Author comments upon resubmission

{\bf Report 1 and reply}

The authors discuss the structures of RCFTs graded by parity and in the presence of spin structures. The paper builds upon previous work by the authors and incorporates the most general RCFT observables that involve defects and boundaries. The exposition is comprehensive, clear and skillfully illustrated. It clarifies various subtleties in the literature on such RCFTs. This will be a very useful reference to learn about these RCFTs and certainly deserves to be published.

Some minor comments:

  1. While the authors focus on RCFT in this paper, it maybe worthwhile to briefly comment on how some of the constructions can be generalized to general 2d CFT which may not be rational (e.g. gauging a special Frobenius algebra F which does not rely on starting with an underlying modular tensor category) .

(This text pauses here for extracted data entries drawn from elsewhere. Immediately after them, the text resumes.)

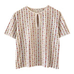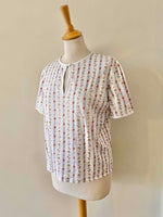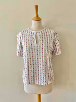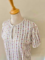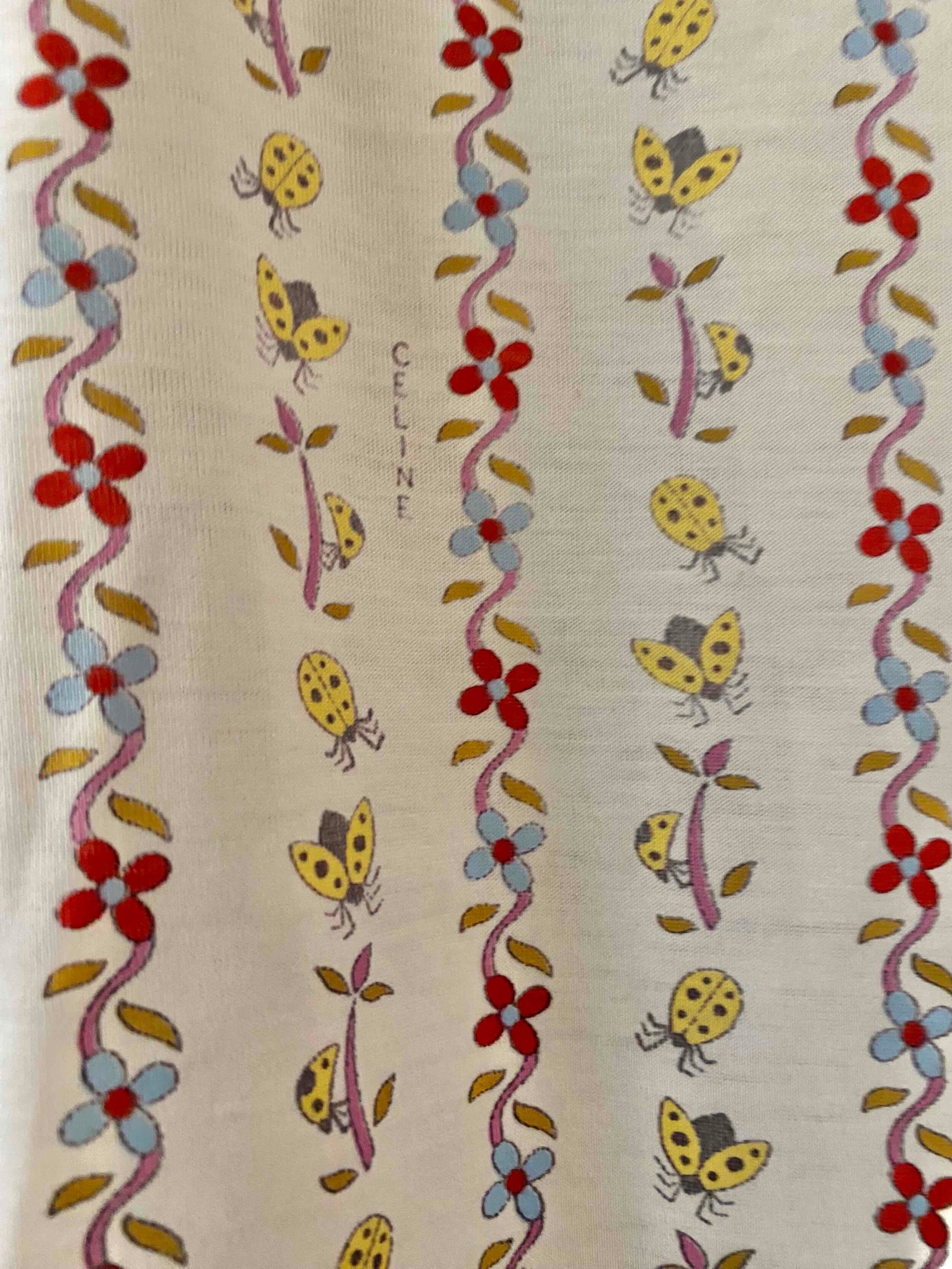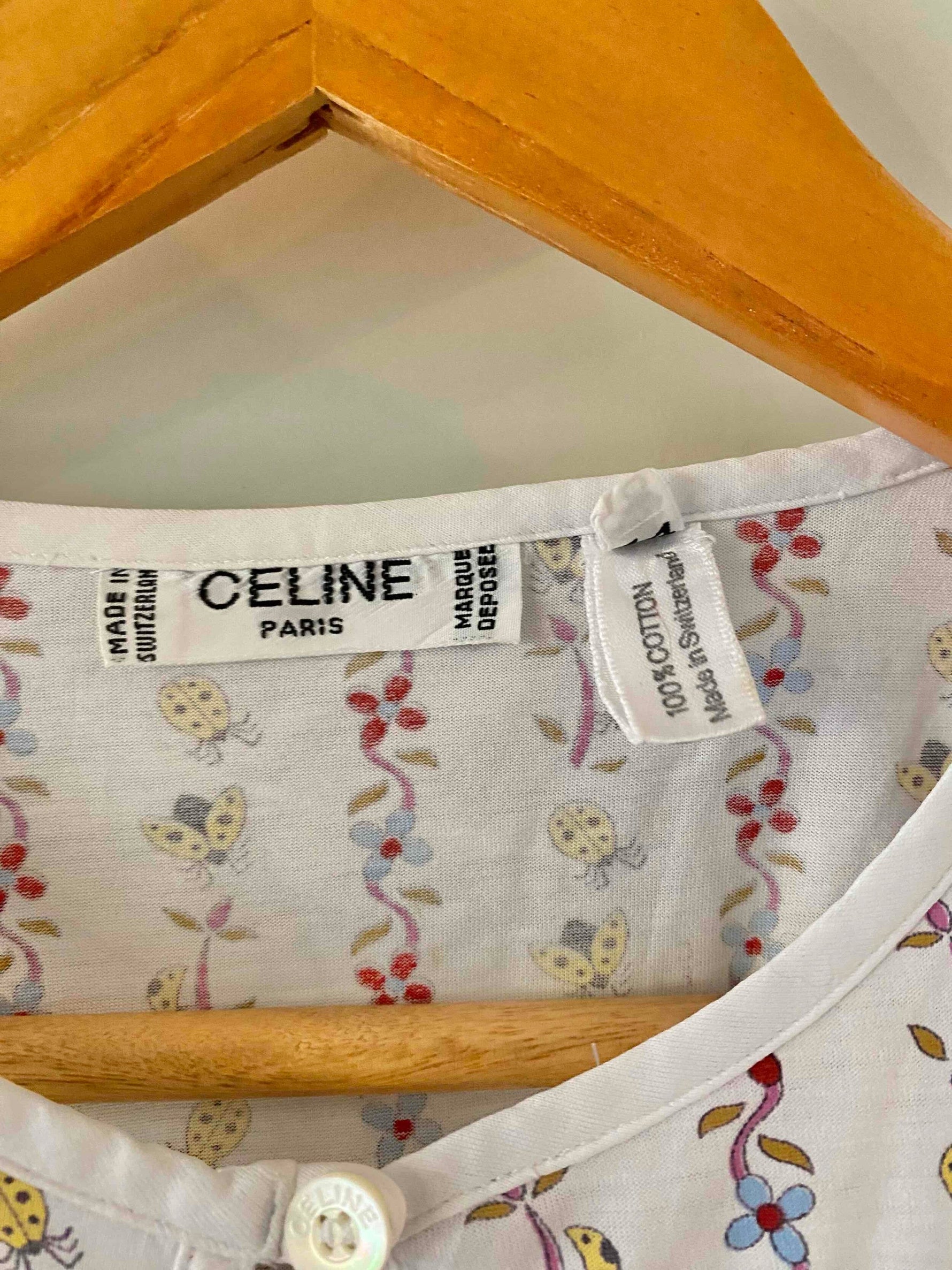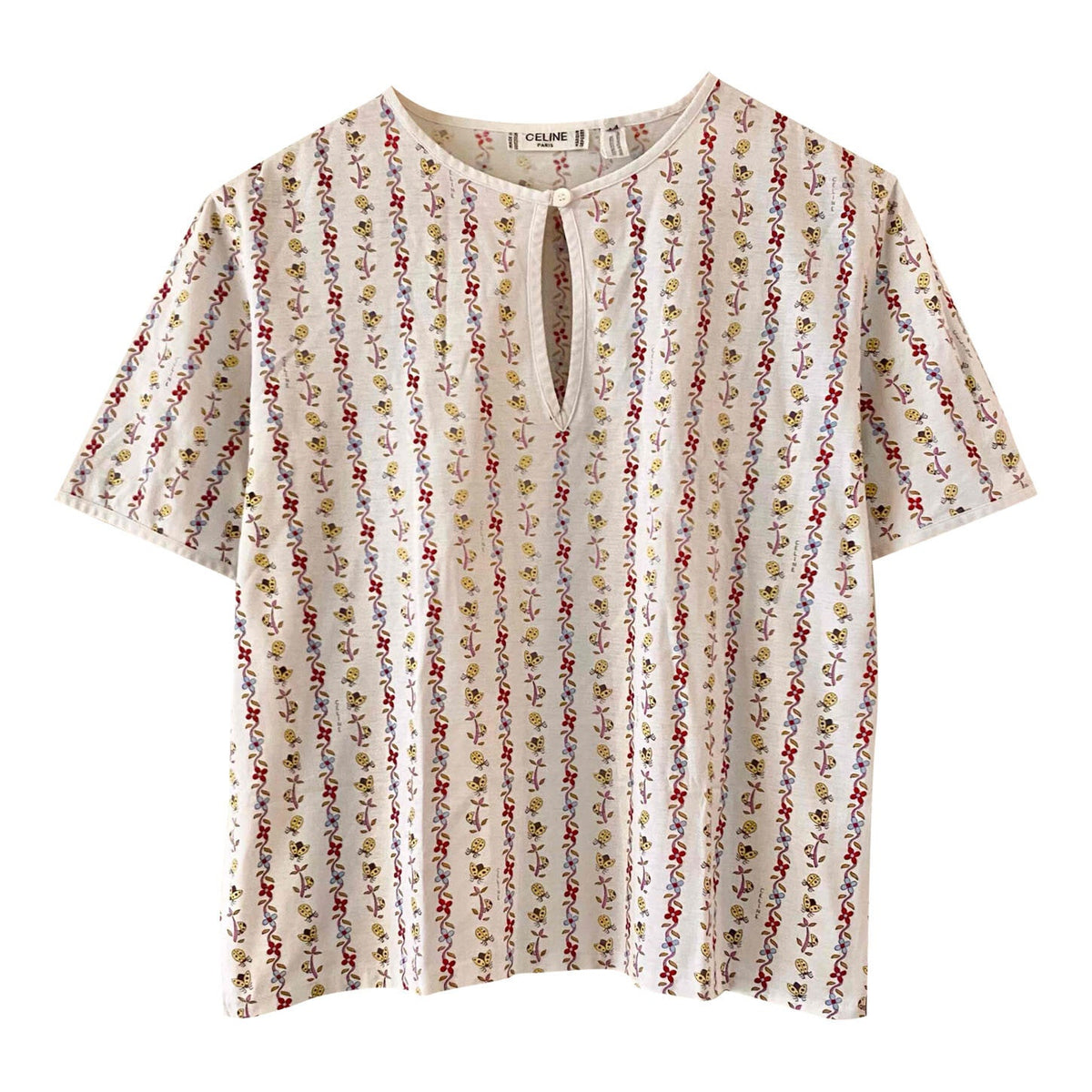 Prix unitaire parT-shirt Céline, en jersey de coton blanc motifs imprimés frises de fleurs, coccinelles, et logo Celine, goutte boutonnée au col, fabriqué en Suisse, taille 36 porté ici sur un mannequin T36.
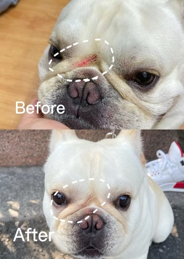 那天真的嚇到。我只是拆個箱子,沒注意,美工刀就這樣劃過去,結果不小心割到法鬥的皮膚。那一瞬間,我整個心都涼了。我先幫牠做了基本清潔、擦乾血跡,接著拿出我家的「毛孩皮膚的OK繃」,輕輕噴上去,沒有刺激味,也不會讓牠掙扎。
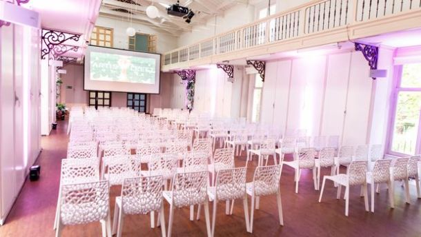 In diner opstelling met ronde of lange tafels is de ruimte geschikt voor 90 – 100 personen. In feestopstelling is de Robbenzaal geschikt voor 250 personen. Creëer een onderwatersfeer, kies voor een lichtshow met clubuitstraling of vertel uw eigen verhaal op de beeldschermen aan de wanden de zaal.
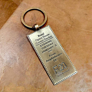 This brass ticket keyring is based on a 1965 ticket from the Royal Ballet and Opera Archives. It's a fun, unique and historic accessory for keeping your keys secure. The front of the keyring displays the ticket for seat F20 at the front of the Amphitheatre, while the back features the Royal Ballet and Opera logo.
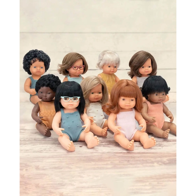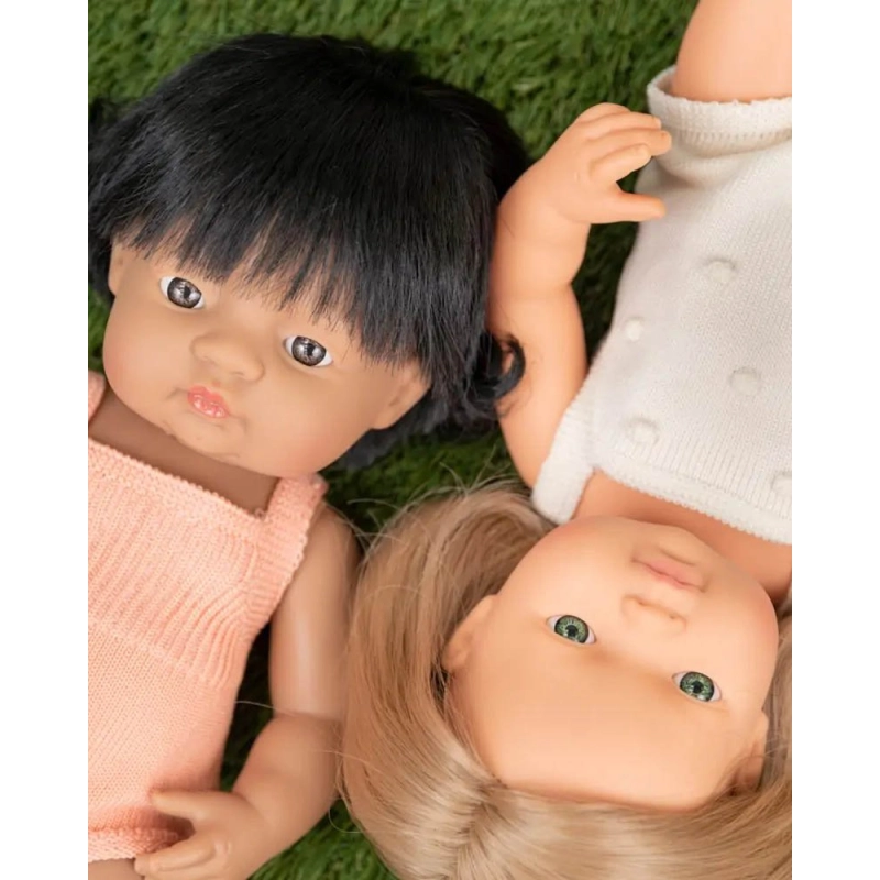 Aunque la Muñeca Latinoamericana con Pelele 38 cm Miniland Dolls viene vestida con un bonito pelele de punto, puedes cambiarla de look con algún conjunto de la Colección de Ropa Miniland Dolls.
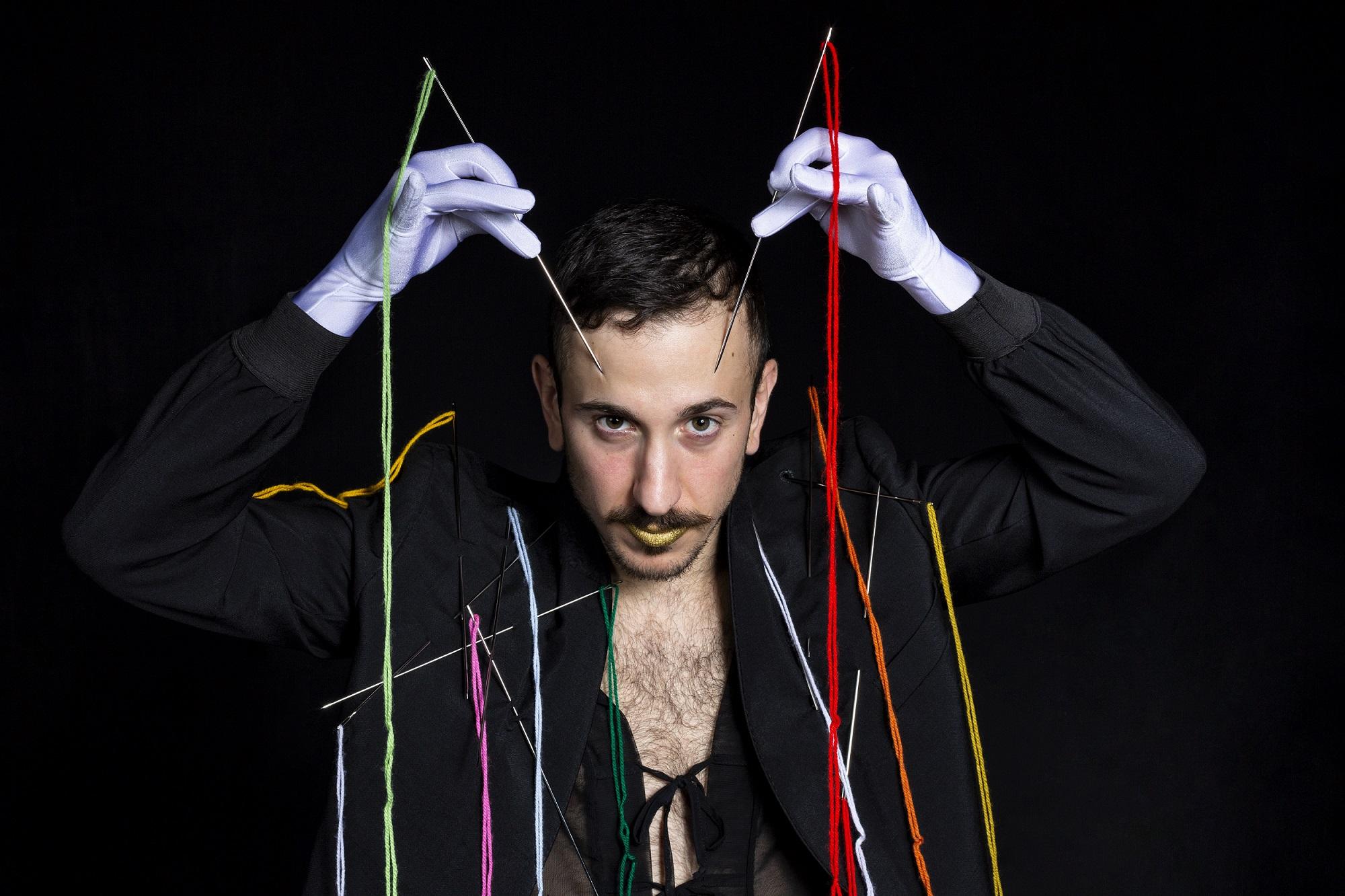 Car voilà : au-dessus de Sedda, des centaines d’aiguilles à tricoter, accrochées à des fils de laine de toutes les couleurs, renvoient à Dorcas et l’usage qu’elle faisait de ses mains pour vêtir les démunis. Telles des lames, ces aiguilles pourraient à tout moment s’abattre sur le personnage. Ensemble, elles évoquent la douleur qu’elles pourraient lui infliger, mais aussi les tuyaux d’un orgue ou la voûte d’un palais.
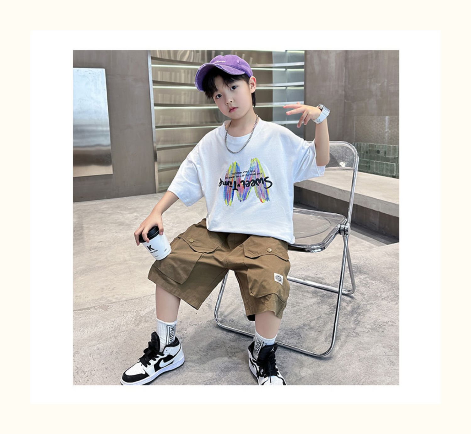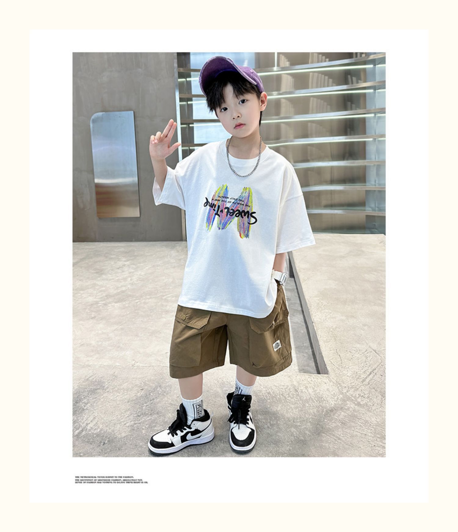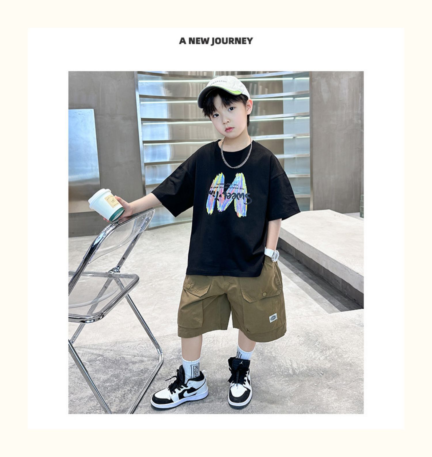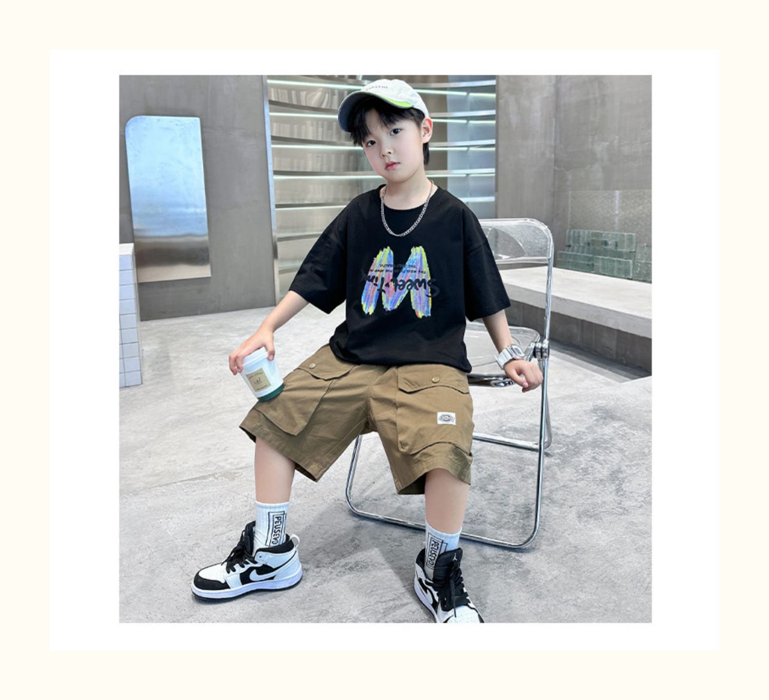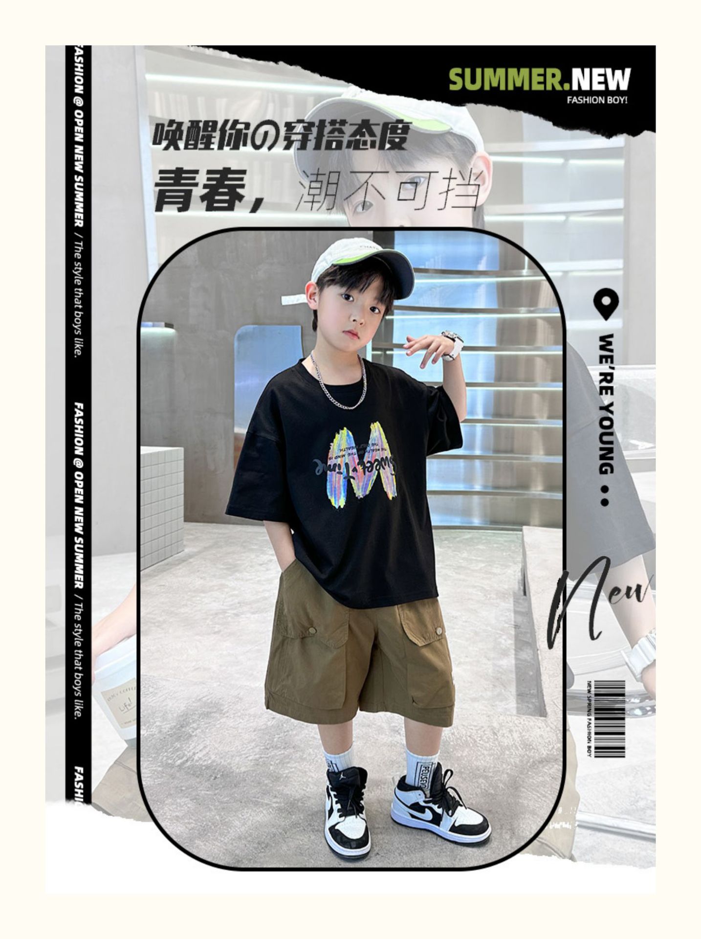남학생 여름 반팔 반바지 세트 2025 신작 소년 중대형 어린이 캐주얼 인쇄 스포츠 투피스 세트스토어 가기

We have added some comments at the end of section 1.5

  1. The authors mention in the abstract that the construction (gauging F) is like "as gauging a possibly non-invertible symmetry". This was not mentioned in the main text. It would be good to mention and clarify this point (e.g. when and how it becomes non-invertible).


We have explained the relation to gauging symmetries and added an example of a non-invertible symmetry and its gauging in section 1.5. In any given CFT, a symmetry (in the sense of an indecomposable topological defect) is either invertible or non-invertible. A symmetry may become non-invertible after gauging a different symmetry, but we do not need this in our construction and would prefer not to comment on it.

  1. The main general construction of type 4 spin CFT comes from gauging F in a type 2 CFT as stated in Sec 1.5. This is related but different from the usual fermionization construction (which starts from type 1). Just for clarity, in discussing the Ising example (similarly for the other examples), it may be good to fill in the empty boxes in the table (7.12) below (7.11).


There are two related constructions in this paper which both actually start with a type 1 CFT and which result in a theory without parity (bosonic theory'') using the algebra $A_+$, and a theory with parity (fermionic theory'') using the algebra $A_-$.

Depending on the details of the theory, using $A_+$ will result in a theory of type 3 or of type 1 (which is a type 3 theory which is actually insensitive to the spin structure), and using $A_-$ will result in a theory of type 4 or of type 2 (which is a type 4 theory which is actually insensitive to the spin structure). The examples in section 7 cover all four of these cases.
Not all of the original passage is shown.